Давыд Кавадраш был художником, но в его присутствии мир казался выцветшим, как полинявшая тряпка. Просыпаясь, он шарил под кроватью, доставая жёлтую, пылившуюся бумагу, и неряшливо писал: «Ночью мы погружаемся в допустимое безумие, а утром пробуждаемся к разрешённому сумасшествию…» Кавадраш подрабатывал бакенщиком, круглый год носил засаленный свитер, высокие рыбацкие сапоги и слыл мизантропом. «Свобода, – отвязывая нанятую у него лодку, гремел он цепью, - это возможность каждого обворовать каждого». Его сторожку на речной пристани обходили стороной. Когда он проходил мимо с этюдником на плече, старухи крестились ему вслед, а мальчишки крутили у виска.
Художником Кавадраш был непризнанным и, когда слышал про успешных, злился: «А, эти, тыринс-протыринс…» Рисовал он преимущественно зимой, когда работы было мало. Долго вынашивал замысел, а когда тот созревал, ставил на мольберт холст, клал рядом с палитрой краюху черного хлеба и, отщипывая от неё, думал, что, Бог даст, закончит картину к ледоходу. Он рисовал по памяти летние пейзажи – горбившиеся на горизонте облака, луну на ущербе, передавал красками крики чаек, дыхание заливных лугов и как, выплескиваясь на берег, свистят сомы. По мере того, как работа продвигалась, краюха черствела, уменьшалась и заканчивалась с последним мазком.

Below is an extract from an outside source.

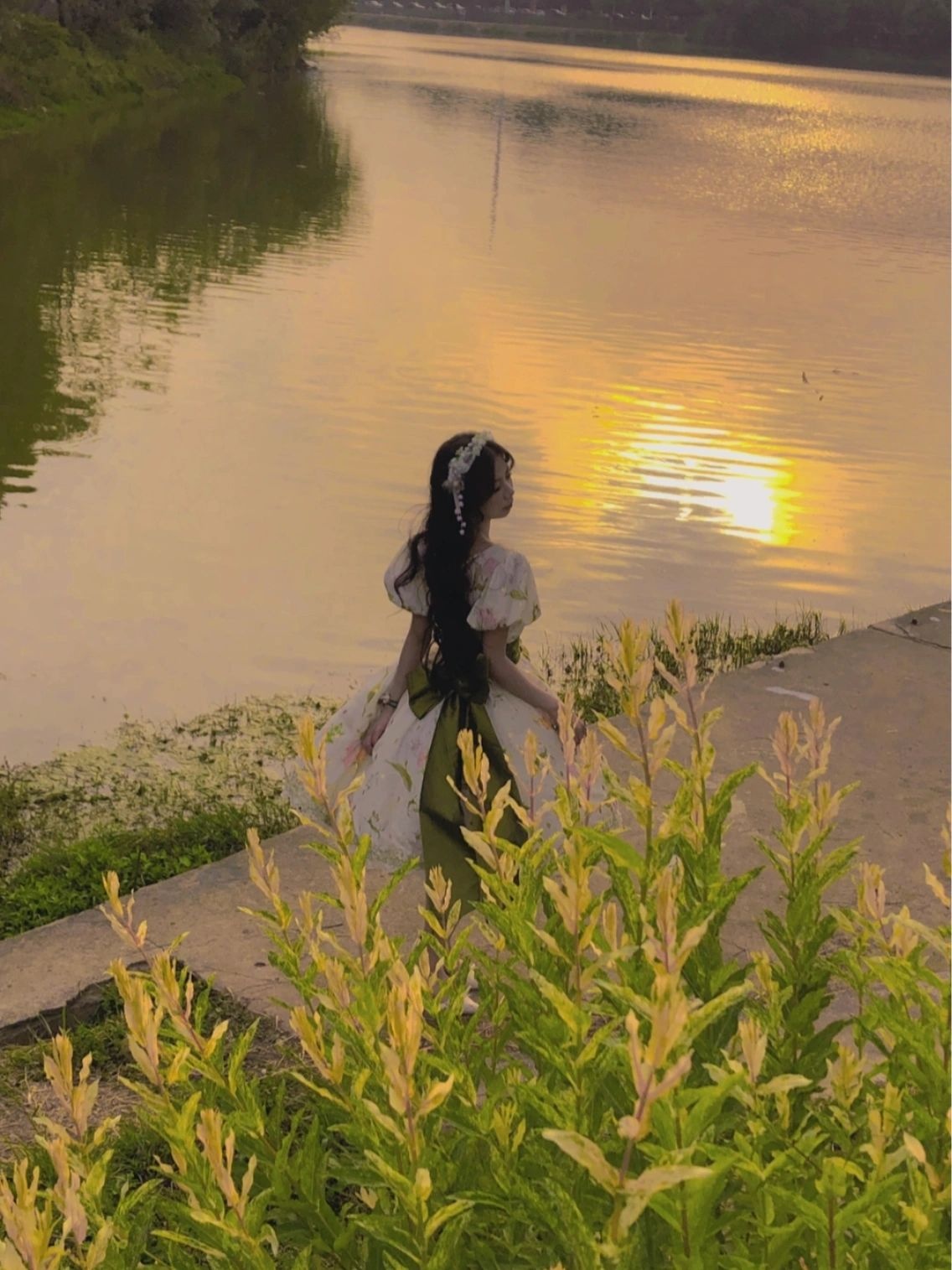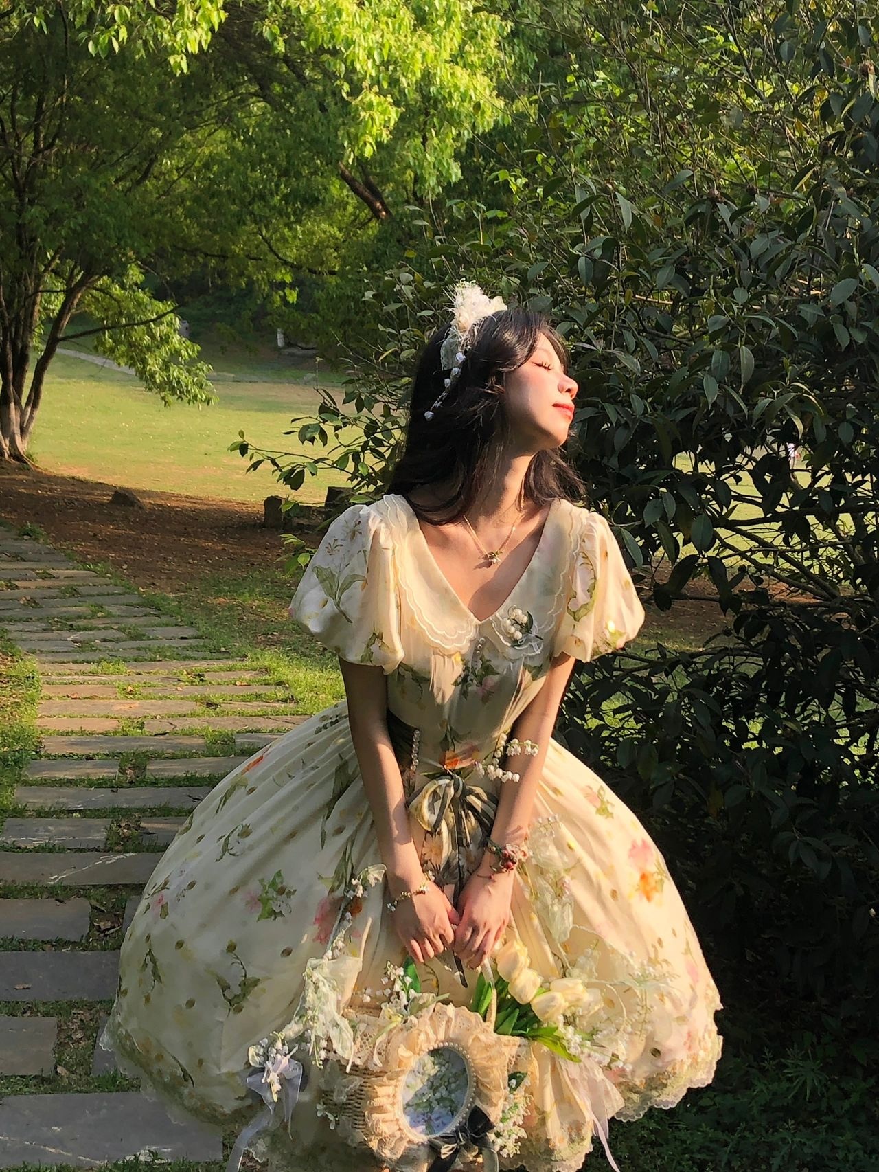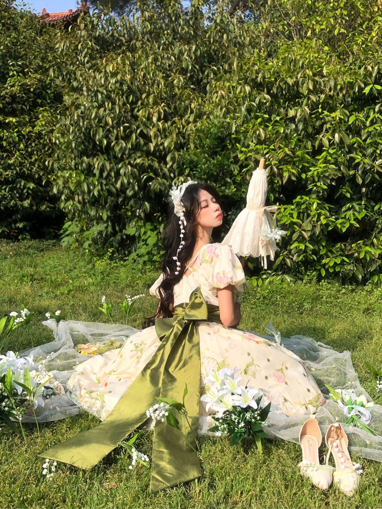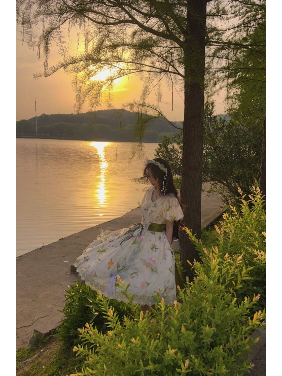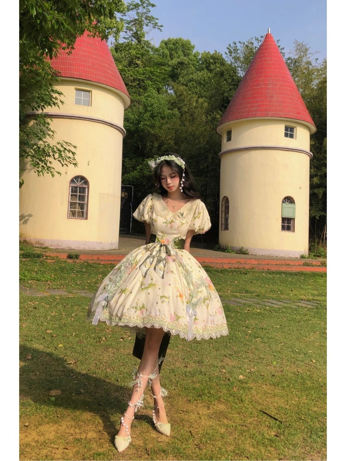 假如把铃兰做成裙子|||摇风铃这条裙子是我衣柜里与众不同的一条印花田园风(平时基本都是纱裙),日常也可以穿着,非常适合在草地上野餐。但觉得后面的大蝴蝶结很公主,所以我又稍微调整了一下搭配,加了两个提拉裙摆和胸针,以及把丝巾打成蝴蝶结别在腰处,加上腿环,整体就华丽了很多,穿这条在田野里奔跑的时候感觉和夕阳、草丛,达成了一种唯美的和谐感。

Кавадраш в одиночестве рыбачил, молчал со звёздами и варил уху, которую не с кем было разделить. «Сколько людей вокруг», - разводили на пристани руками. «Народу много, - кивал он, - поговорить не с кем…» Единственным его собеседником был о. Савелий, приходивший на реку после воскресной службы. «Вера, - размахивал он руками, будто продолжал церковную проповедь, - позволяет взглянуть на жизнь отстранённо, не привязываясь к ней с животным остервенением, не становясь заложником тела…» «Всё дело в воображении, - хмыкал Давыд, - одни верят в то, что можно потрогать, другие – в то, что нельзя… И каждые считают других детьми…» Кашляя в кулак, о. Савелий гладил сбившуюся в клочья бороду. «А главное – свобода, - гнул своё Кавадраш. – Свобода от обстоятельств, условностей, от всего на свете, и Бога в том числе…» О. Савелий резко поднимался. «Женился бы, что ли, а то совсем рехнёшься…» Стреляя глазами, он строго отряхивал рясу и выставлял тяжёлый нагрудный крест. А когда Давыд целовал, менял гнев на милость: «Пойми, душа-человек, вдвоём всё иначе - на дуэли стреляться и то лучше, чем в одиночестве застрелиться…»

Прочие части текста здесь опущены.